Hab' auch schon eine Statistik gesehen, in denen mehrere Programmiersprachen bzgl. der Geschwindigkeit verglichen wurden - aufgeteilt in die unterschiedlichen Operationen. Und Java schnitt da nicht schlecht ab - teilweise sogar schneller als C/C++.
Allerdings ging es bei dem Benchmark um reine Berechnungsoperationen und nicht bspw. um das Darstellen von bspw. Grafik & Co. Da die Java Klassen sehr abstrakt aufgebaut sind (ich sage nur Swing  ), geht hier sehr viel Rechenkraft flöten (Dafür kann man mit der Swing natürlich sehr viel mehr machen als bspw. mit der VCL von Borland Delphi).

Das Problem, warum Java nicht für Spiele genutzt wird, dürfte u.a. auch am Umfang der Standard Klassen von Java liegen. Java 2 SE ist zwar geeignet für GUIs & Co., aber nicht für Spiele. Hier muss man meisst auf externe Bibliotheken beim Sound, der Grafik & anderen Eingabemethoden (als Tastatur & Maus) zurückgreifen.


----------



## lin (6. Sep 2005)

Java hat auch Fortschritte gemacht, seit 1.4.2 (so weit ich weiss) hats sogar nen FSEM (Full Screen Exclusiv Mode). Sound hats auch einige nützliche Klassen integriert. Ich würde mal sagen Java entwickelt sich auch in diesem Bereich rasch.... vielleicht gibt's in Zukunft auch komerzielle Games in Java.


----------



## yeTh7 (6. Sep 2005)

Ich würds mir einerseits zwar wünschen, dass Java auch in professionellen/kommerziellen Anwendungen stärker vertreten wäre (man braucht nur mal bei Media schauen, wie viele der Software-Produkte wohl in Java gecoded sind) da es eine recht benutzerfreundliche Sprache ist (man denke nur an die Bibliothek  :applaus: ).

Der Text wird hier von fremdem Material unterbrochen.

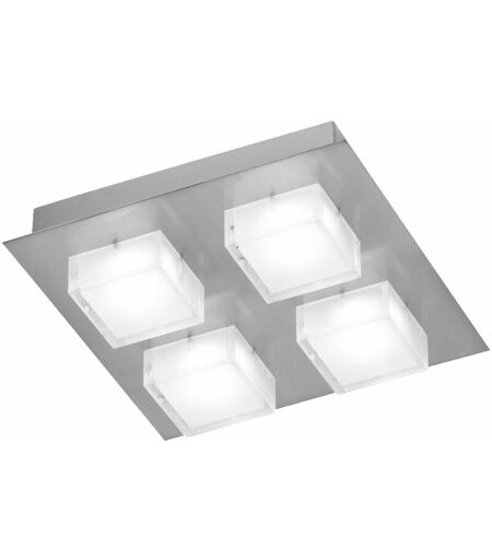 Description Cet élégant plafonnier illuminera votre espace de vie. Créez un accroche-regard dans vos quatre murs avec ce plafonnier à 4 ampoules et laissez-vous convaincre par son charisme incomparable. L'interaction du nickel et des cubes de verre complète le simple Le design de cette lampe correspond parfaitement et permet d'intégrer le plafonnier dans n'importe quelle pièce imaginable. détails luminaires • Type de lumière : Plafonnier • Matériau : Nickel mat • Abat-jour : Verre • Couleur : Nickel mat, blanc • Classe de protection : IP20 • Longueur x largeur x hauteur en cm : 26 x 26 x 6,5 • Douilles : 4x LED (installées en permanence ) • Ampoules incluses : Oui • Puissance des ampoules : 4x 3 watts • Flux lumineux : 4x 240 L umen • Couleur de la lumière : blanc chaud • Tension : 220-240V, 50-60Hz Source lumineuse détails • Type de source lumineuse : LED • flux lumineux : 240 lm (lumen) • Consommation énergétique : 3 kWh/1000h • Température de couleur : 3000 K (Kelvin) • Couleur ...

Andererseits ist einer der Vorteile auch ein Nachteil -> die Plattformunabhängigkeit.
Viele Leute haben nicht mal die Virtual Machine auf ihrem Rechner!!
Wenn ich eine Stand-Alone Applikation schreibe, läuft diese bei 50 % meiner Bekannten deshalb schon mal gar nicht...
Erklär mal einem Laien, dass er dafür die Virtual Machine braucht! Die häufigste Antwort ist wohl eher: "Wasn Mist, dein Prog geht nicht!"

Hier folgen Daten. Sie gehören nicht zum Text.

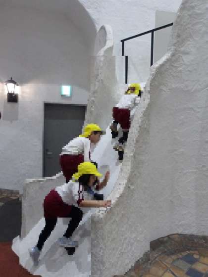 館内の中央にあるこどもの街でもアスレチックやチューブスライダーなどで

Oder man will in einem Betrieb ein Programm schreiben und muss dann zu 20 Rechnern hoppen um die VM zu installieren, nur weil sie standardmäßig nicht drauf war. Da ist doch eine simple EXE wesentlich einfacher.

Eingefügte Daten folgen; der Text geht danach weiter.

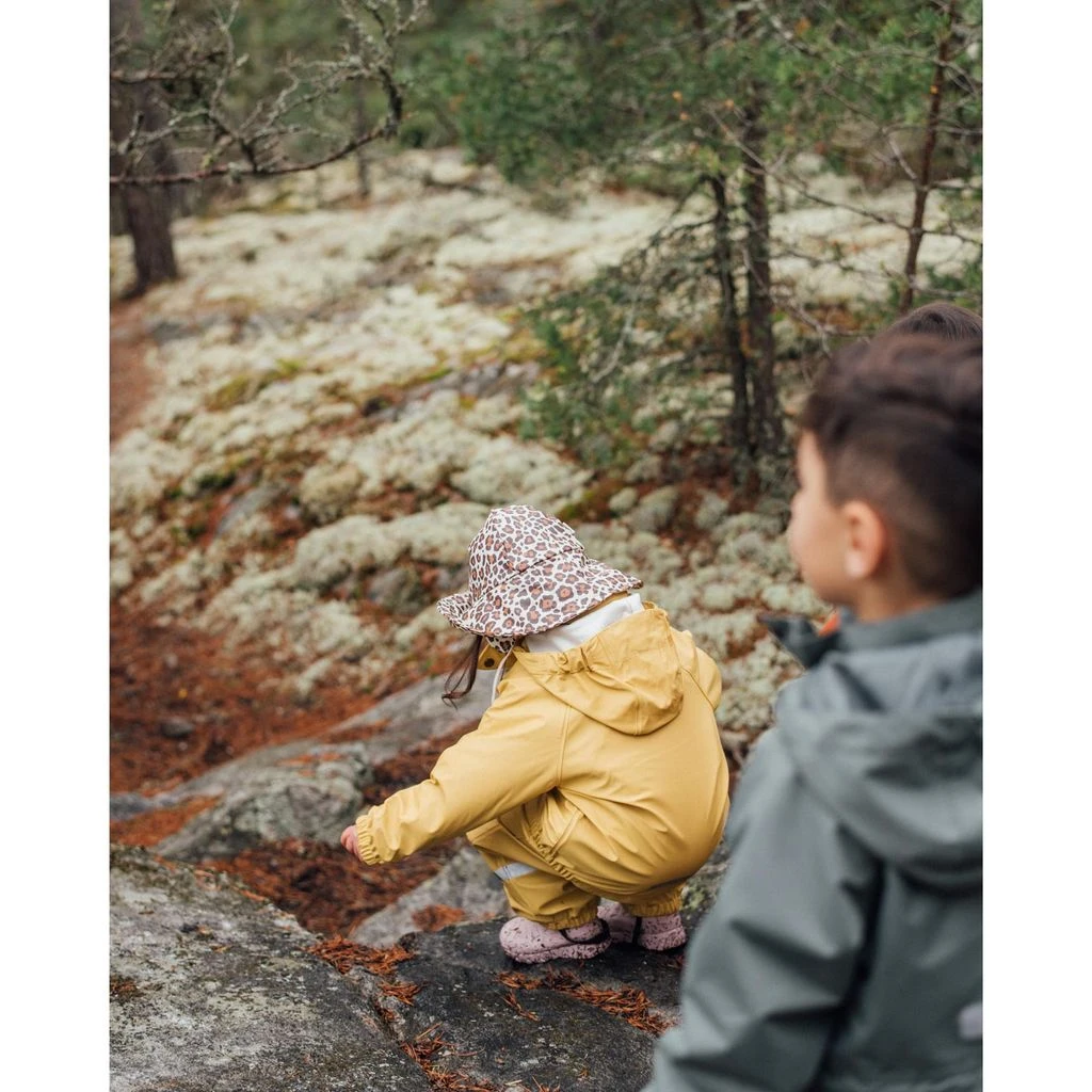 Rainy days won’t stand a chance. Beige Vasa rain hat by Kuling. The rain hat has welded seams. It has an asymmetrical brim, fleece lined ear flaps and tie straps at the chin.

Außerdem fallen auch einige nützliche Dinge wie Tray-Icons weg, außer man verzichtet sowieso von vornherein auf die Plattformunabhängigkeit... aber dann wärs ja eh schon Wurst ob Java oder irgendwas anderes.


----------



## Roar (6. Sep 2005)

yeTh7 hat gesagt.:
			
		

> Ich würds mir einerseits zwar wünschen, dass Java auch in professionellen/kommerziellen Anwendungen stärker vertreten wäre (man braucht nur mal bei Media schauen, wie viele der Software-Produkte wohl in Java gecoded sind) da es eine recht benutzerfreundliche Sprache ist (man denke nur an die Bibliothek  :applaus: ).


hä? sehr viele kommerzielle anwendungen sind in java programmiert, man schaue nur mal bei allen großen unternehmen rein (oracle, ibm, sap, sun...)



> Andererseits ist einer der Vorteile acuh ein Nachteil -> die Plattformunabhängigkeit.
> Viele Leute haben nicht mal die Virtual Machine auf ihrem Rechner!!
> Wenn ich eine Stand-Alone Applikation schreibe, läuft diese bei 50 % meiner Bekannten deshalb schon mal gar nicht...
> Erklär mal einem Laien, dass er dafür die Virtual Machine braucht! Die häufigste Antwort ist wohl eher: "Wasn Mist, dein Prog geht nicht!"


pech für den benutzer halt :bae: kein programm läuft nicht wenn die entsprechende umgebung vorhanden ist. ob diese nun .net, java, windows oder VB6 heißt.



> Oder man will in einem Betrieb ein Programm schreiben und muss dann zu 20 Rechnern hoppen um die VM zu installieren, nur weil sie standardmäßig nicht drauf war. Da ist doch eine simple EXE wesentlich einfacher.


nicht einfacher wenn auf dein rechnern ein nicht-windows os ist  erst gar nicht wenn anwender und programmier andere betrisbssysteme benutzen.



> Außerdem fallen auch einige nützliche Dinge wie Tray-Icons weg, außer man verzichtet sowieso von vornherein auf die Plattformunabhängigkeit... aber dann wärs ja eh schon Wurst ob Java oder irgendwas anderes.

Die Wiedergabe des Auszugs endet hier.